→ **Action item**
The required output is the lines of the listing from the beginning through the line containing "京都府舞鶴市は、令和8年2月", each copied exactly, without any pictures.

→ **Data excerpt**
- Opening Delimiter -
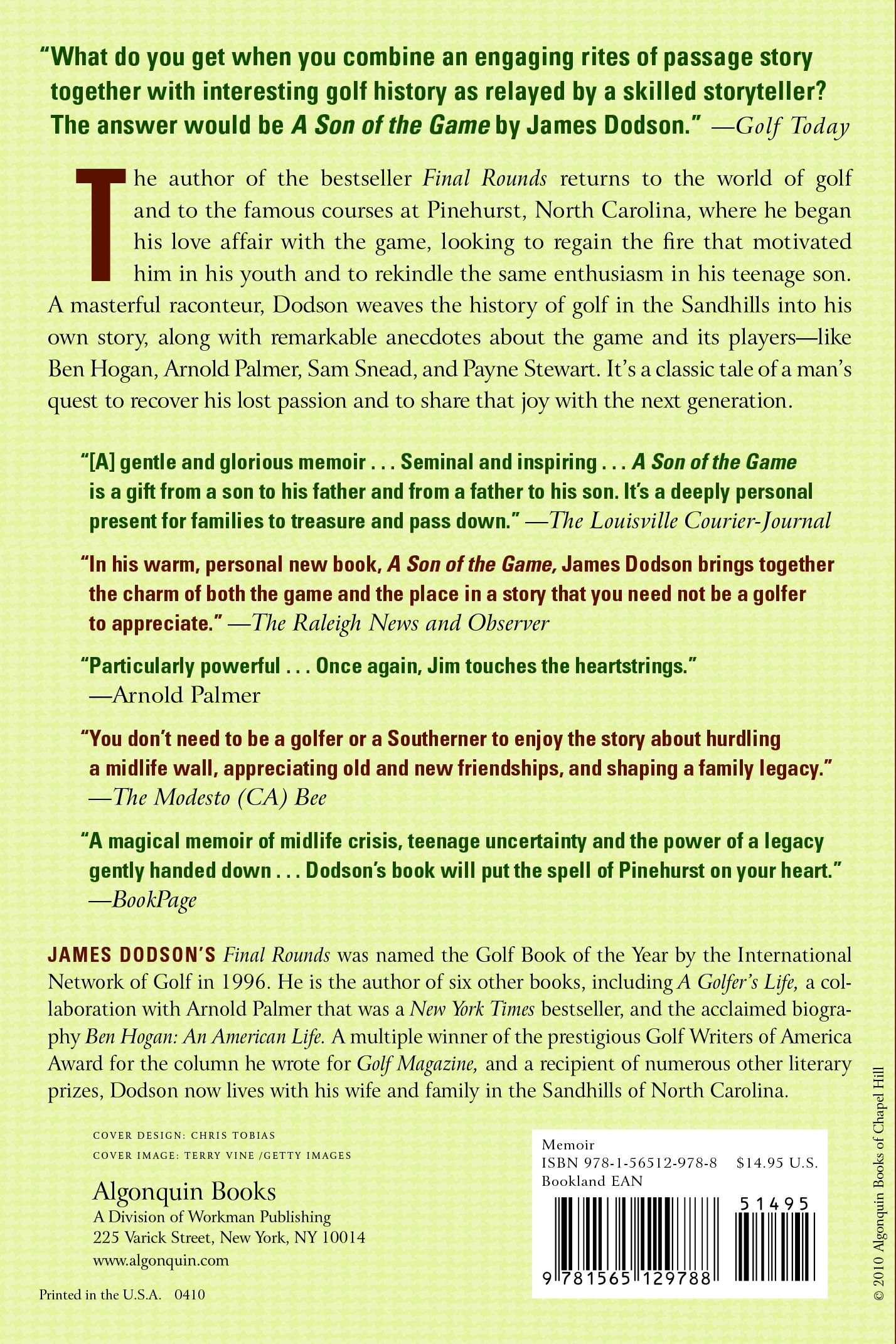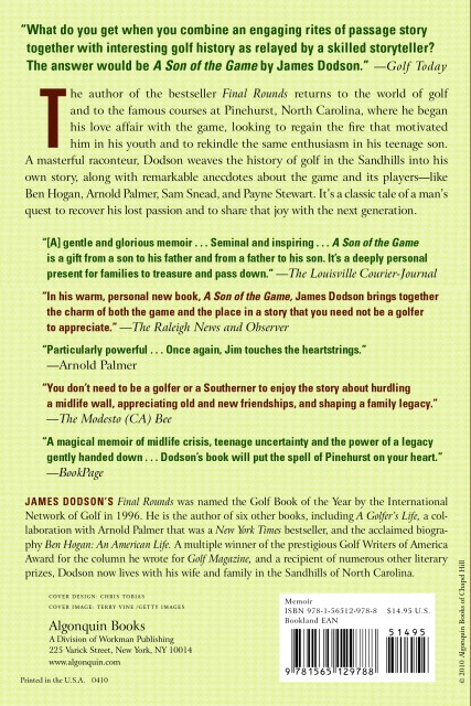 "In his warm, personal new book, A Son of the Game, James Dodson brings together the charm of both the game and the place in a story that you need not be a golfer to appreciate . . . Dodson's gift is in feeling and sharing the attachment to a game that is as bewitching as it is maddening . . . [His] book is time well spent. It captures the spirit of a game and a place that has captured so many of us." —The Raleigh News and ObserverBookPage
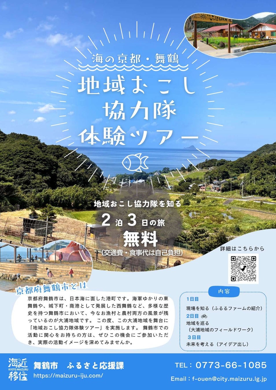 京都府舞鶴市は、令和8年2月から3月にかけて、地域おこし協力隊への応募検討者を対象とした2泊3日の体験ツアー「おためし地域おこし協力隊」を実施します 。実際の活動現場である大浦地域でのフィールドワークを通じ、具体的な活動をイメージしていただきます。
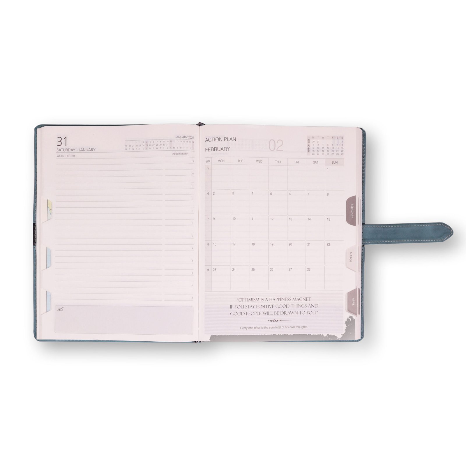 This GoalCraft B5 diary features one date a page with planner and month tabbing on smooth natural shade paper with subtle graining, ensuring a comfortable writing experience. The foam-padded PU cover with imitation stitching offers durability and a premium look. Enhanced with elegant leaf foiling of the year, it adds a refined touch. Perfect for busy professionals to keep daily tasks and meetings organized. Also makes a thoughtful corporate gift from managers to employees. Available in 3 classic colors.
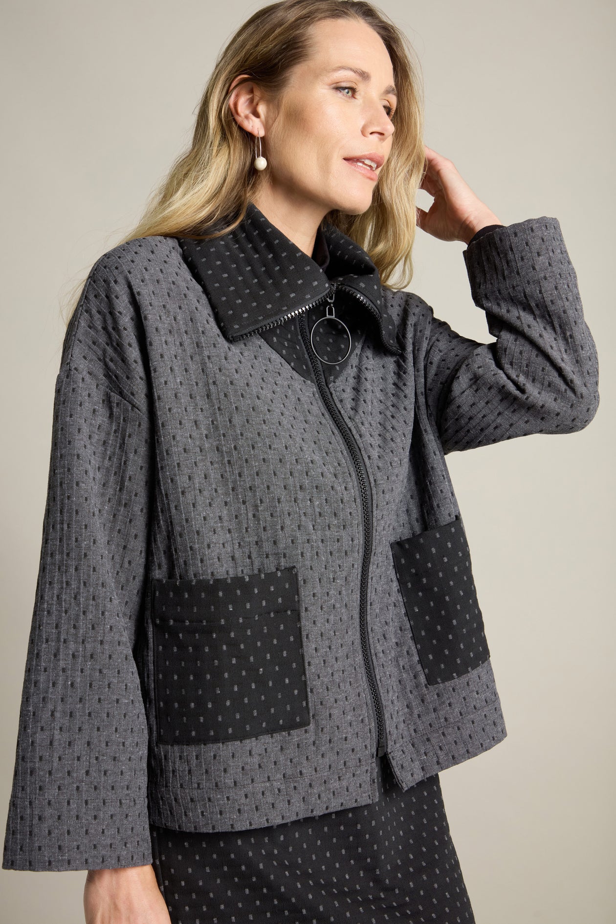 The square jacquard pattern gives the jacket a distinctive, textured look, while the boxy fit ensures a relaxed yet structured silhouette that is both stylish and versatile. Perfect for layering, the full-length sleeves and high funnel neck provide coverage and warmth, making it an ideal choice for transitional weather or cooler days.
- Closing Delimiter -
→ **Result of this task**
 "In his warm, personal new book, A Son of the Game, James Dodson brings together the charm of both the game and the place in a story that you need not be a golfer to appreciate . . . Dodson's gift is in feeling and sharing the attachment to a game that is as bewitching as it is maddening . . . [His] book is time well spent. It captures the spirit of a game and a place that has captured so many of us." —The Raleigh News and ObserverBookPage
 京都府舞鶴市は、令和8年2月から3月にかけて、地域おこし協力隊への応募検討者を対象とした2泊3日の体験ツアー「おためし地域おこし協力隊」を実施します 。実際の活動現場である大浦地域でのフィールドワークを通じ、具体的な活動をイメージしていただきます。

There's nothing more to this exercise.